Finalize Your Gear Choices
When I posted my gear list article, I got a lot of helpful suggestions in the comments about gear I could consider. This inspired a few trips to REI and a handful of changes to what I’m bringing to Amicalola in February. There was a lot of fine-tuning with my gear, so I’ll just cover the notable changes.
1. 1100ml Steel Cookpot -> 650ml Titanium Cookpot
- I barely filled my old cookpot to half capacity when cooking, so I swapped it for a smaller size with a lighter material. Not only does my new pot take up less space in my bear cannister, I also shaved half a pound from my base weight.
2. Trash Bag Liner -> Osprey Pack Liner
- I couldn’t get a satisfactory seal with my improvised trash bag liner and Osprey was having a sale.

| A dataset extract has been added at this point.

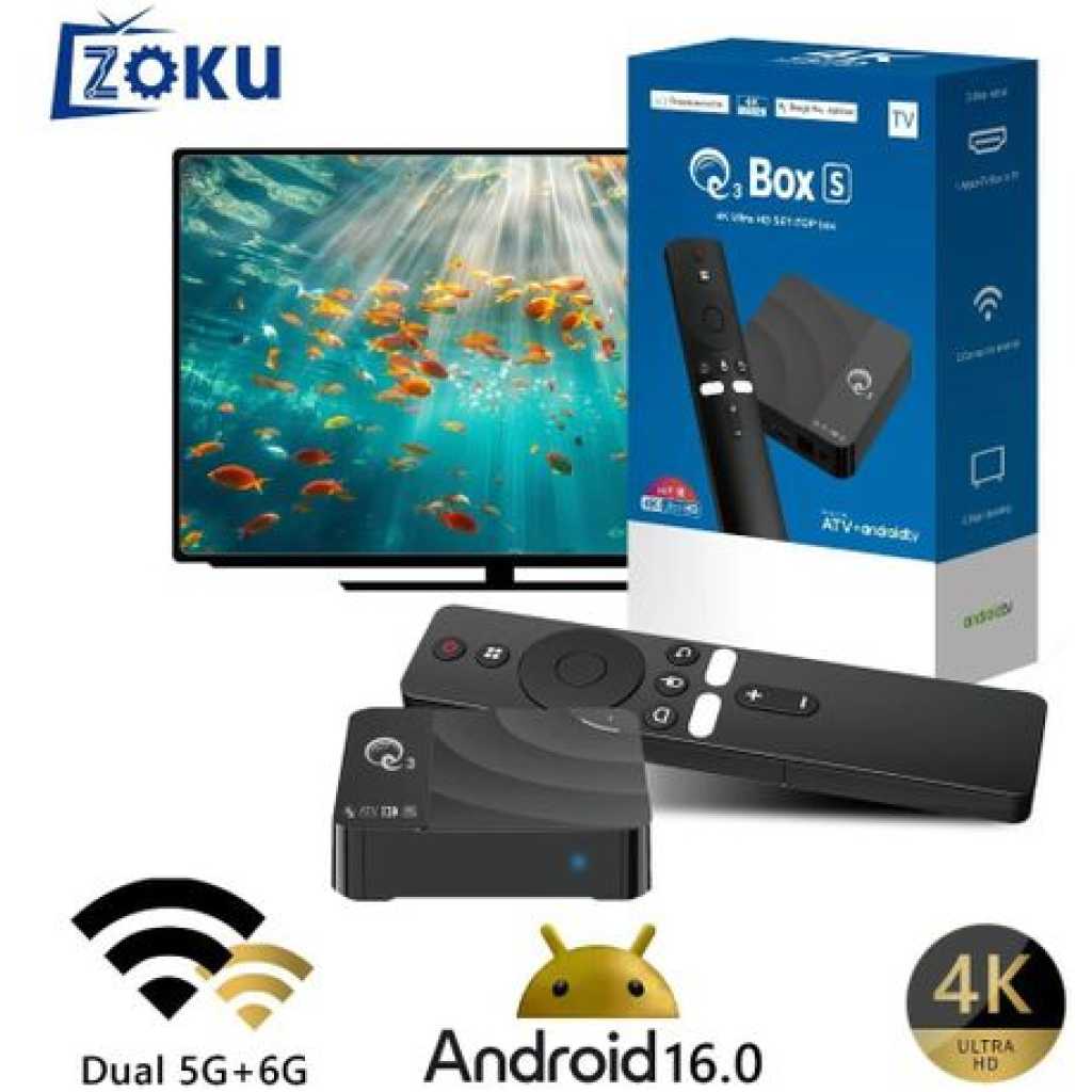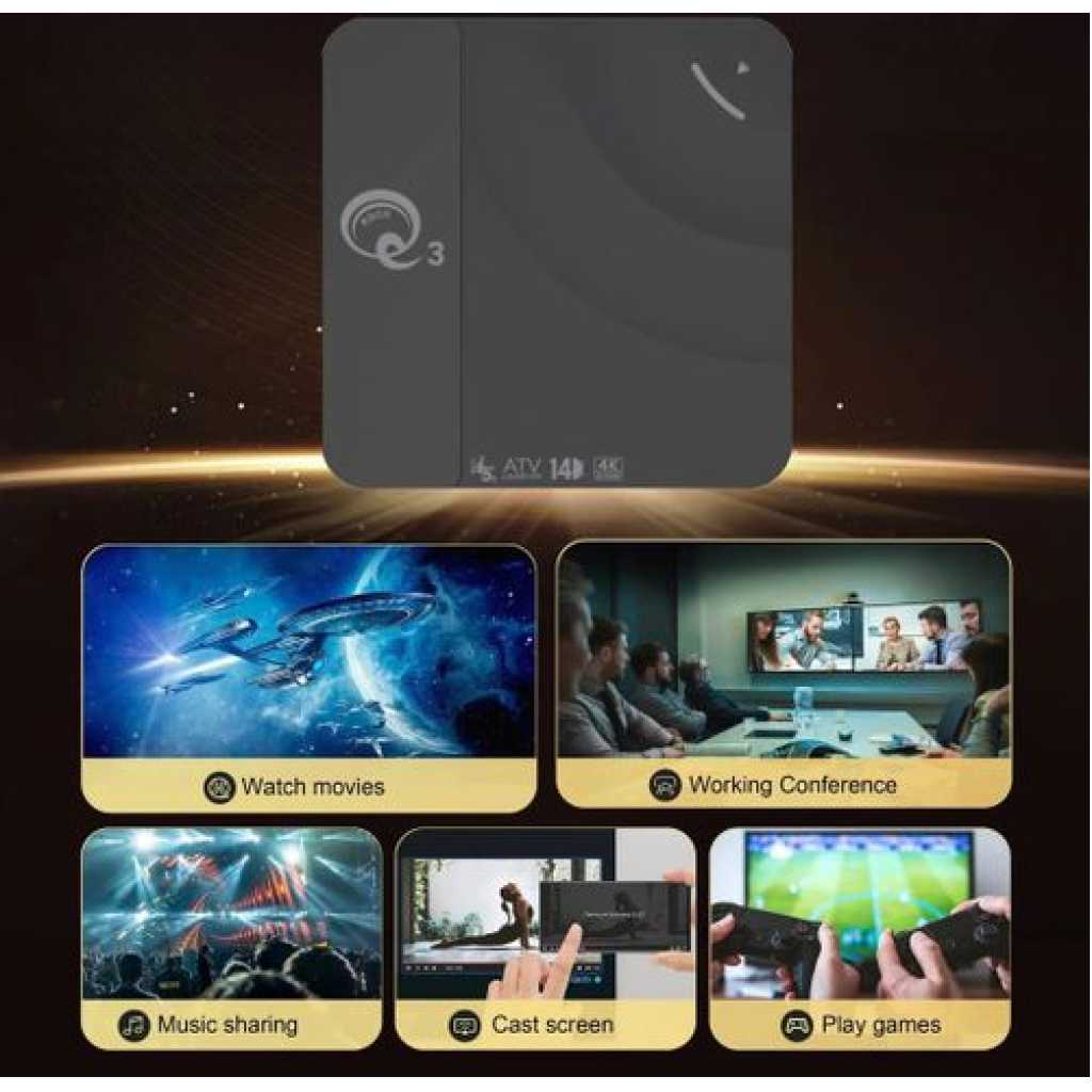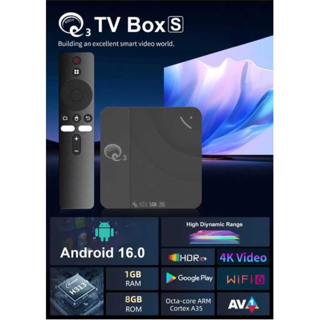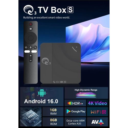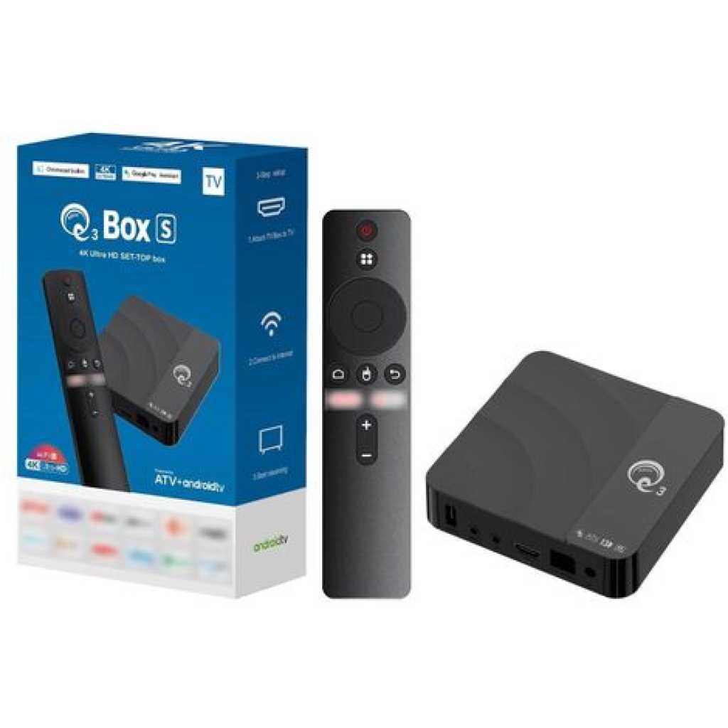 Upgrade your home entertainment with the Q3 Box S Smart Android TV Box 2GB 16GB Android 14, designed to transform any TV into a smart powerhouse. Running on the latest Android 14 OS, this device ensures faster performance, smoother streaming, and access to thousands of apps from Google Play. The Q3 Box S Smart Android TV Box supports 4K Ultra HD resolution, built-in Wi-Fi, Google Assistant, Chromecast, and YouTube integration, delivering endless entertainment options in stunning quality. Compact and user-friendly, it’s the perfect solution for families, gamers, and binge-watchers in Sri Lanka. Key Features Powered by Android 14 – Smooth, updated interface with latest features. 2GB RAM + 16GB Storage – Fast processing and storage for apps & media. 4K Ultra HD Resolution – Crisp, clear picture for immersive viewing. Google Play & YouTube Support – Access thousands of apps and videos. Built-in Wi-Fi – Stream content seamlessly. Voice Remote Control – Hands-free navigation with Google Assistant. Product Specifications Model: Q3 Box S Android TV Box Operating System: Android 14 RAM/Storage: 2GB RAM + 16GB ROM Resolution: 4K Ultra HD support Connectivity: Built-in Wi-Fi, HDMI, USB ports Smart Features: Google Play, YouTube, Google Assistant Control: Voice remote included Applications: Movies, gaming, online streaming, education, video calls Wireless interfaces: Bluetooth, Wi-Fi Wi-Fi standard: 802.11a Wi-Fi frequency range: 2.4 GHz Interfaces: component video output HDMI version: 2.0 Processor/Chipset: Amlogic S905W Package Includes 1 × Q3 Box S TV Box 1 × Voice Remote Control 1 × HDMI Cable 1 × Power Adapter 1 × User Manual

A few clicks and a week later, I have a pack liner to keep my gear better protected when my backpack inevitably gets soaked.
3. Altra Lone Peak 6 (size 12.5) -> Altra Olympus 5 (size 13)
- Same toe box. More cushion. Happier feet.
4. Question-A-Day Journal -> (Nothing)
- Instead of carrying almost a pound of book, I am just taking pictures of all the questions and answering them on my phone each day.
5. Inflatable Pillow -> Synthetic Pillow
- I sleep on my side and stomach, so I learned I need a pillow that can compress and doesn’t slip off my sleep pad.
6. (Nothing) -> Sleep Clothes
- A dedicated shirt and a pair of boxers for sleeping. Something dry to slip into after a day of hiking.
Inspire the Next Generations of Hikers (Hopefully)
My sister teaches 8th grade English and she asked if I wanted to kick off her kids’ research paper unit. Never one to turn down a chance to blab about the AT, I agreed to talk to her classes. I covered the general history of the trail and thru-hiking, my experiences preparing for my hike and the best practices for finding trustworthy information online. The kids were incredibly attentive and asked great questions. Though there were a few that made me laugh. Some of my favorites include:
- What is your favorite flavor of ramen? Chicken
- How do you fit six months of food in that bag? Allow me to explain the concept of resupplying.
- What happens if you die? It won’t be my problem at that point.
Prepare to Hike Your Own Hike
As I was preparing for this trek, I was developing an unhealthy focus on completing the trail. I thought that walking past every white blaze and summiting Katahdin this year was the only way I would be able to view my hike as a success. Anything short of that was a failure and a waste of my time. In hindsight, I was mostly stressed that if I didn’t finish the trail then other people would think I was a failure. I felt I had to meet other people’s expectations of a thru-hike in order to justify my hiking decisions.
Then, the obvious struck me. If I’m hiking this trail for myself, why do other people’s definitions of success matter to me?
With this realization, the pressure I was letting imaginary others put on me is beginning to dissipate. Typing this out has made it even clearer to me. I am at peace with my preparations. My goal is to complete as much of a northbound thru-hike of the Appalachian Trail as possible and enjoy as much of it as I can. I am confident that I will complete all ~2,200 miles but if it’s less than that, I will be okay.
Come what may, I will have the bliss of nothing to prove to others and a trail to hike.